- DATA SUPPLIED
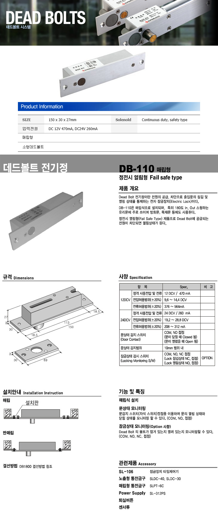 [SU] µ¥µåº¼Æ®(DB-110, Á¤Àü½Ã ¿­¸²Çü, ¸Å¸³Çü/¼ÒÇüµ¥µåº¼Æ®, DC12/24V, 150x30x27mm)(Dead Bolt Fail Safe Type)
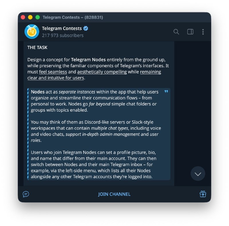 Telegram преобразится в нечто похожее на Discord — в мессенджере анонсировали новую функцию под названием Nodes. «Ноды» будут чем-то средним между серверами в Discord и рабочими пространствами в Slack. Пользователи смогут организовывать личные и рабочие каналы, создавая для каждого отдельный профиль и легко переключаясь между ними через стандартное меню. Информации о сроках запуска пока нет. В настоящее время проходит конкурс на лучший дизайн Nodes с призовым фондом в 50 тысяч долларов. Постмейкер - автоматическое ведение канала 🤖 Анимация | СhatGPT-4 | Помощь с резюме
---
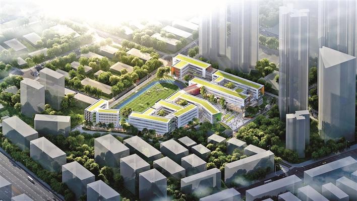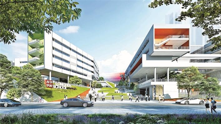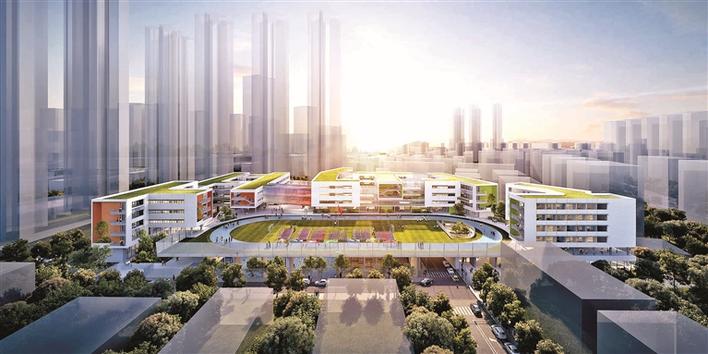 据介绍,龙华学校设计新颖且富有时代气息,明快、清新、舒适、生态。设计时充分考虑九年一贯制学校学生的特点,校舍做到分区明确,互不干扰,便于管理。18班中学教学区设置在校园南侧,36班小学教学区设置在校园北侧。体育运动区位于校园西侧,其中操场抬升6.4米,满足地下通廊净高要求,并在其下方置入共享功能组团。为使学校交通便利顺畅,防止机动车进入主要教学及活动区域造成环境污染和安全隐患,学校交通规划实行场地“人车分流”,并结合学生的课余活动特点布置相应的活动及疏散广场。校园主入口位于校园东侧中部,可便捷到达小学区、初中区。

- WHAT YOU NEED TO DO
Using the data above, give again exactly the lines starting at the one holding "[SU] µ¥µåº¼Æ®(DB-110, Á¤Àü½Ã" and ending at the one holding "Telegram преобразится в", inclusive, and nothing more. Omit the pictures.

- OUTPUT OF THE TASK
 [SU] µ¥µåº¼Æ®(DB-110, Á¤Àü½Ã ¿­¸²Çü, ¸Å¸³Çü/¼ÒÇüµ¥µåº¼Æ®, DC12/24V, 150x30x27mm)(Dead Bolt Fail Safe Type)
 Telegram преобразится в нечто похожее на Discord — в мессенджере анонсировали новую функцию под названием Nodes. «Ноды» будут чем-то средним между серверами в Discord и рабочими пространствами в Slack. Пользователи смогут организовывать личные и рабочие каналы, создавая для каждого отдельный профиль и легко переключаясь между ними через стандартное меню. Информации о сроках запуска пока нет. В настоящее время проходит конкурс на лучший дизайн Nodes с призовым фондом в 50 тысяч долларов. Постмейкер - автоматическое ведение канала 🤖 Анимация | СhatGPT-4 | Помощь с резюме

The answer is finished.